▸ What to work on: Only the lines below from the one with "ソックスブーツ レディース ブーツ" through the one with "flavor over heat." are to be written out, exactly and without any images.

▸ Data for the task:
• • • •

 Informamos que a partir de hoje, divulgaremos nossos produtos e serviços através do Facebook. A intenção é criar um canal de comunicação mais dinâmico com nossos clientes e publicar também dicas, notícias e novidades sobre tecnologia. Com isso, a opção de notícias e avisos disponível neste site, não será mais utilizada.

• • • •

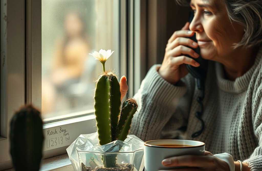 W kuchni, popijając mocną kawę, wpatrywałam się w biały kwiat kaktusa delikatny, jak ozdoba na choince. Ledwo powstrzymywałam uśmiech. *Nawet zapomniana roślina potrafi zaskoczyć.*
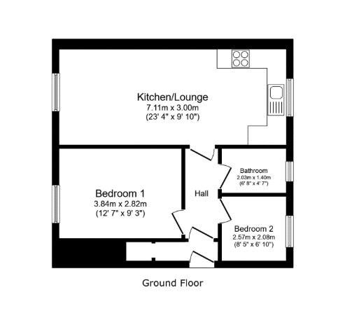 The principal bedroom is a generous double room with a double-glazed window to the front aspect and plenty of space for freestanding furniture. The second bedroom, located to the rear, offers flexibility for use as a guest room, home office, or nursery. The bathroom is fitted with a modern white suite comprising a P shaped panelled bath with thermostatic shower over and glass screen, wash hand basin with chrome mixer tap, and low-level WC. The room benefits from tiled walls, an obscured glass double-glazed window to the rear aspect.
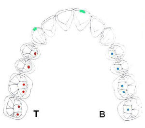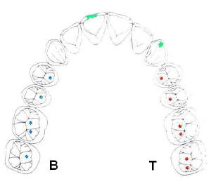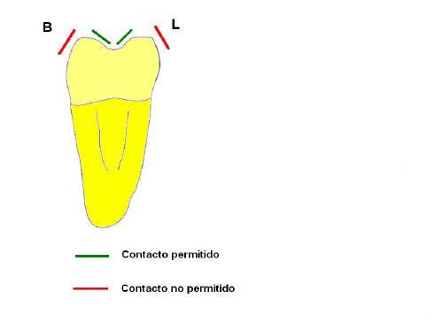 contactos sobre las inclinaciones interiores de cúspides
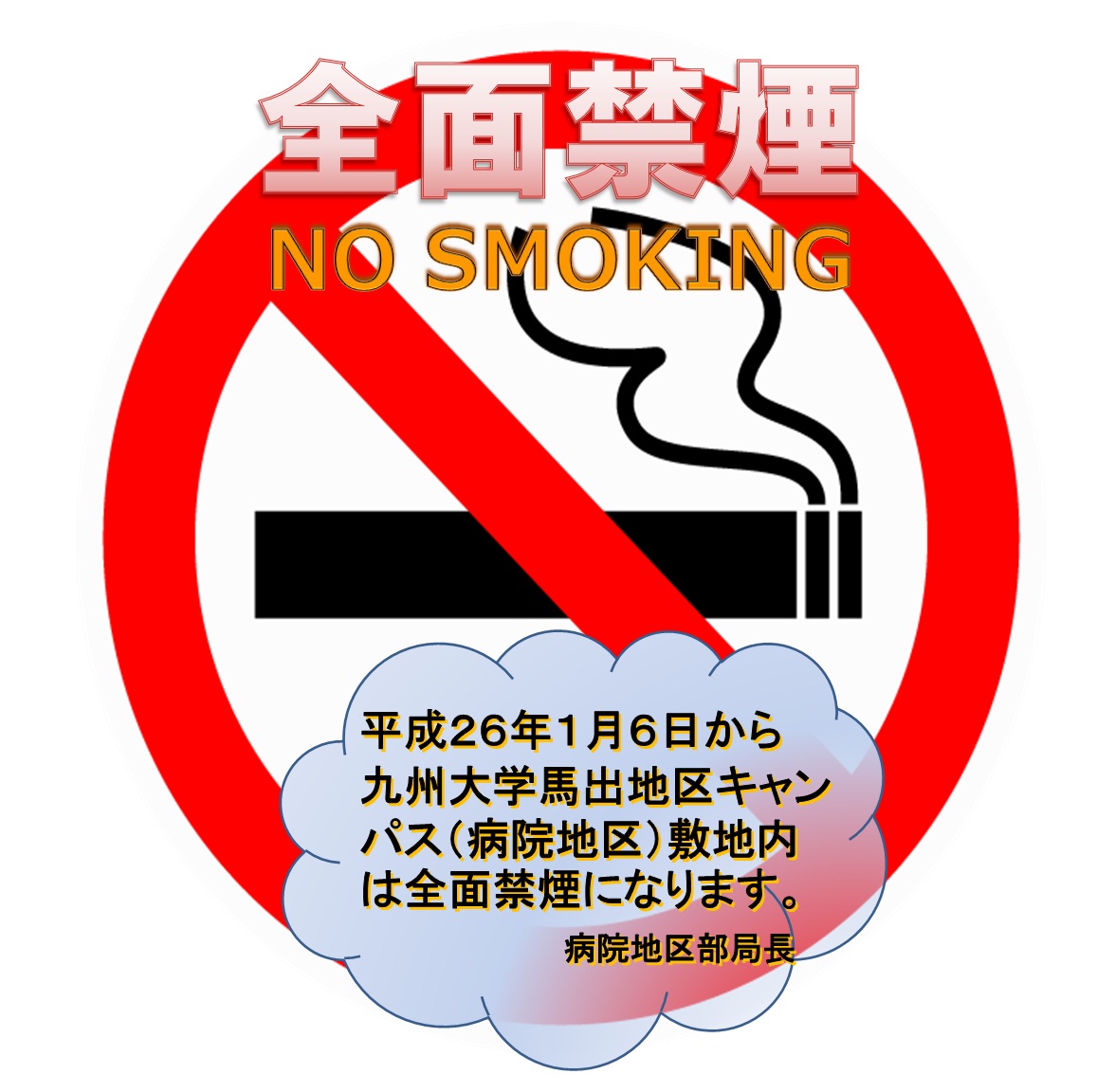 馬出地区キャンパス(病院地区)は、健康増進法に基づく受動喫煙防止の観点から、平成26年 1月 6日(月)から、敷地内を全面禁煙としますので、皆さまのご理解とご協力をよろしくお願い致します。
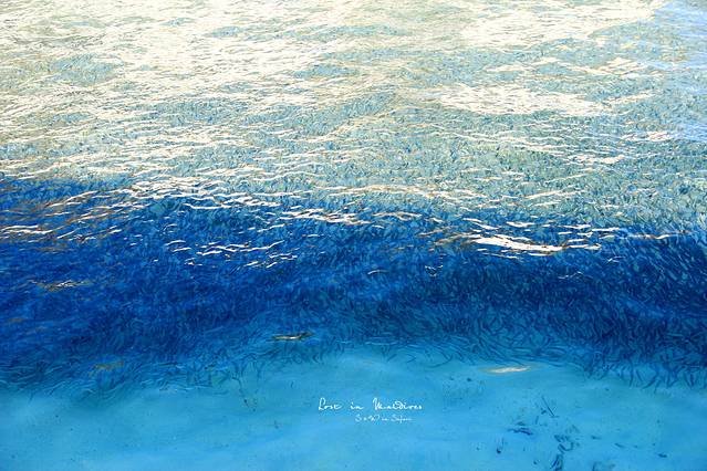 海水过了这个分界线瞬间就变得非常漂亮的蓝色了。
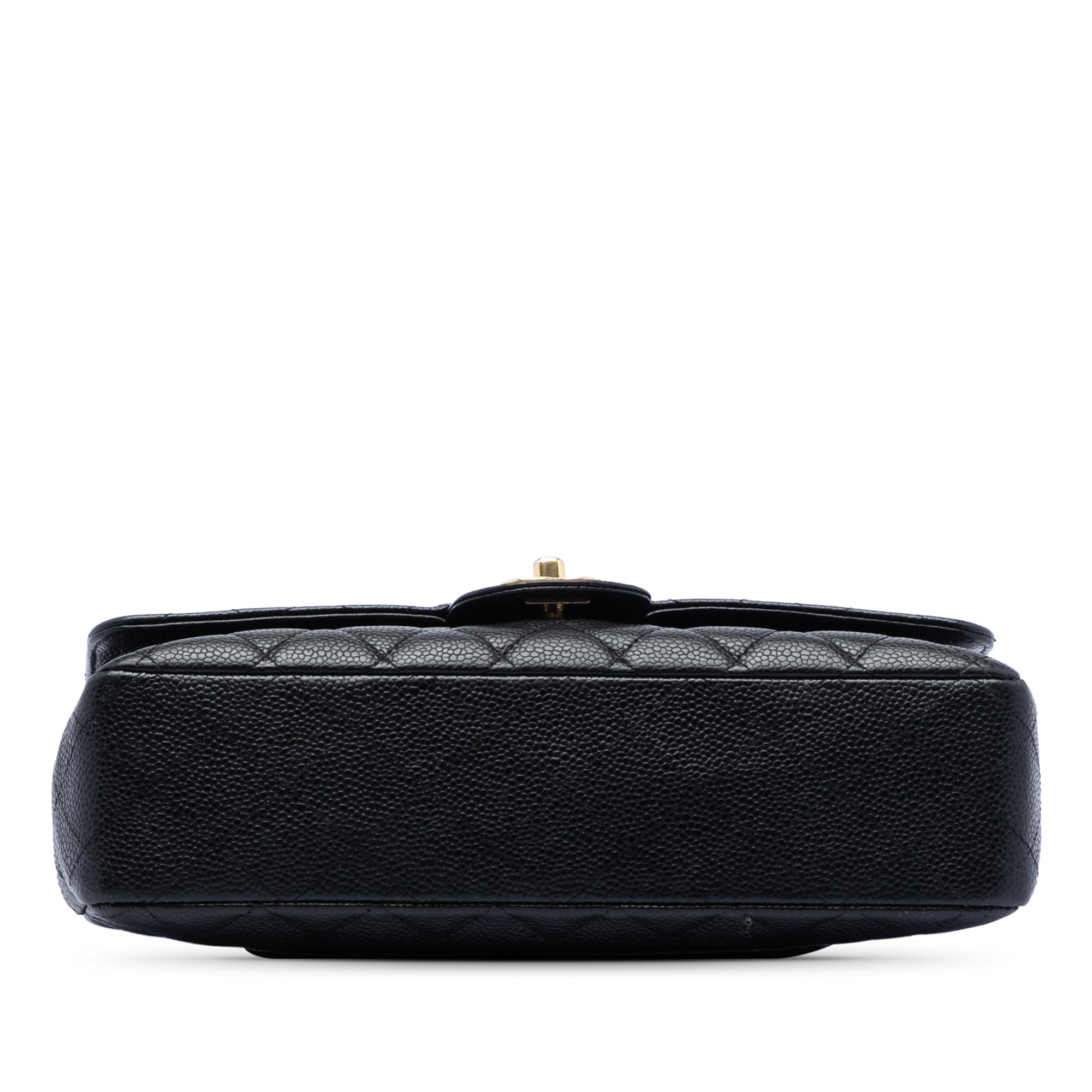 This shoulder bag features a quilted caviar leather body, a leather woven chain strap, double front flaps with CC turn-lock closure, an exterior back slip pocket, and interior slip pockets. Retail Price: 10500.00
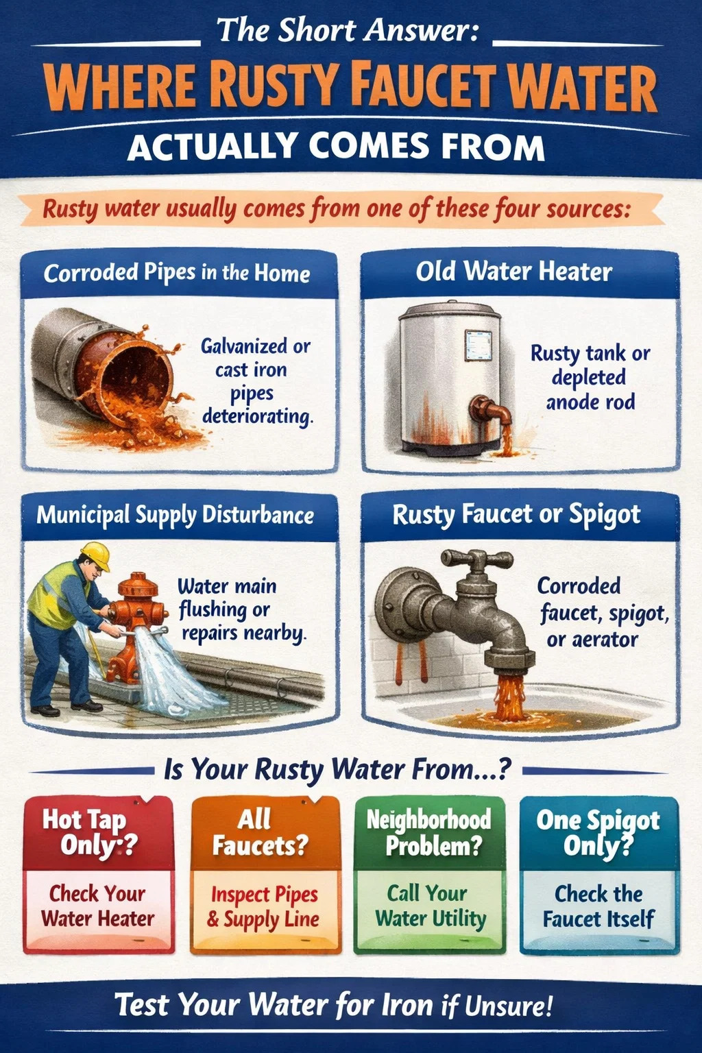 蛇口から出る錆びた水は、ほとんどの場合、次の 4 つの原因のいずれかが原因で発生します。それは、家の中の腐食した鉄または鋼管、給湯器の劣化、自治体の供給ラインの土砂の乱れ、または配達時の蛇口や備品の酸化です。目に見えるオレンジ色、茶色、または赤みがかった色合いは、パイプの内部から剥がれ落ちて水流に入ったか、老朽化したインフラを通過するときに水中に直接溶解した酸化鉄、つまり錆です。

• • • •

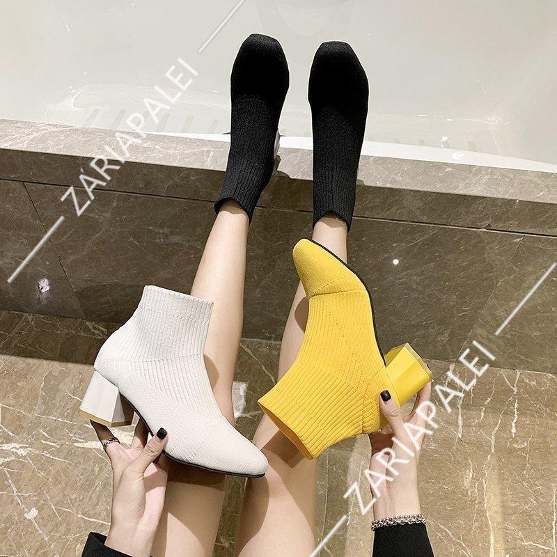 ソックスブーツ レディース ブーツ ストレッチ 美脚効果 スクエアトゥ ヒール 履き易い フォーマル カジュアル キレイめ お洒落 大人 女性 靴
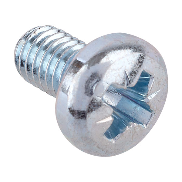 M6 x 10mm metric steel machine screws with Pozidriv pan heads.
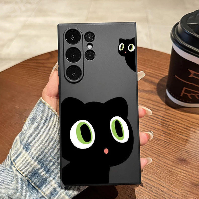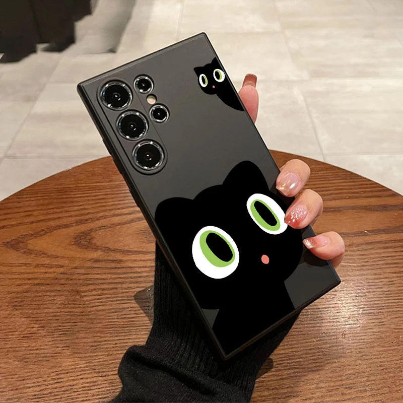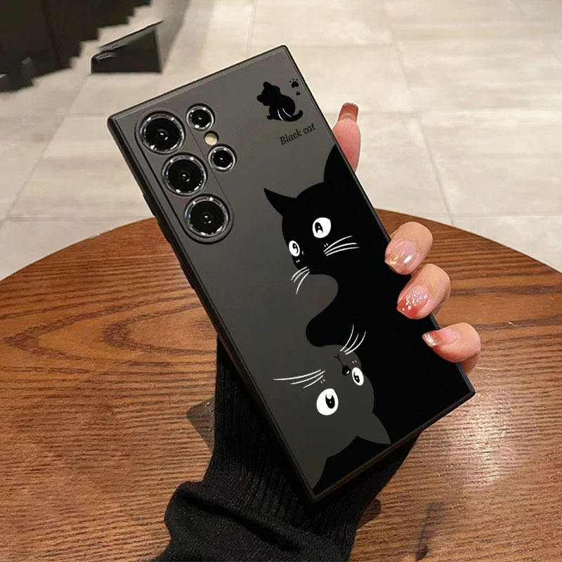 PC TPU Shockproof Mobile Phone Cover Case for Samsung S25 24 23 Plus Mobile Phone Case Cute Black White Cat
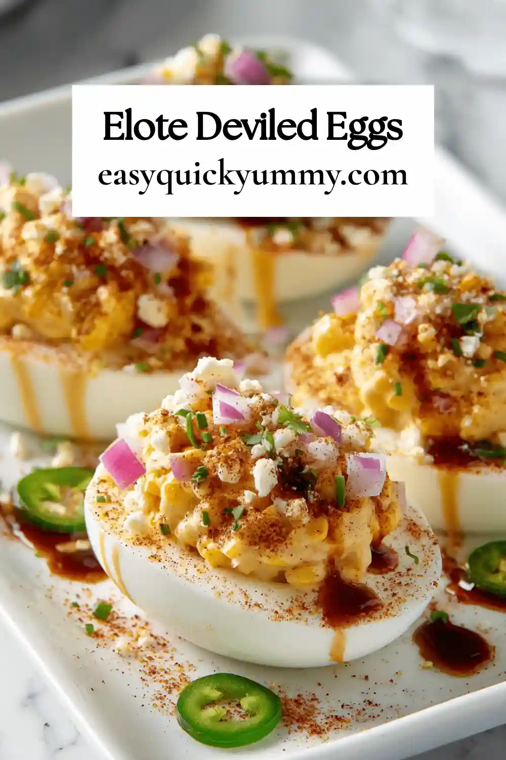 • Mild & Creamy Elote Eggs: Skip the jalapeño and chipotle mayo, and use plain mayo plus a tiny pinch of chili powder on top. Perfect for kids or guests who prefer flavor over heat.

• • • •

▸ Written response:
 ソックスブーツ レディース ブーツ ストレッチ 美脚効果 スクエアトゥ ヒール 履き易い フォーマル カジュアル キレイめ お洒落 大人 女性 靴
 M6 x 10mm metric steel machine screws with Pozidriv pan heads.
 PC TPU Shockproof Mobile Phone Cover Case for Samsung S25 24 23 Plus Mobile Phone Case Cute Black White Cat
 • Mild & Creamy Elote Eggs: Skip the jalapeño and chipotle mayo, and use plain mayo plus a tiny pinch of chili powder on top. Perfect for kids or guests who prefer flavor over heat.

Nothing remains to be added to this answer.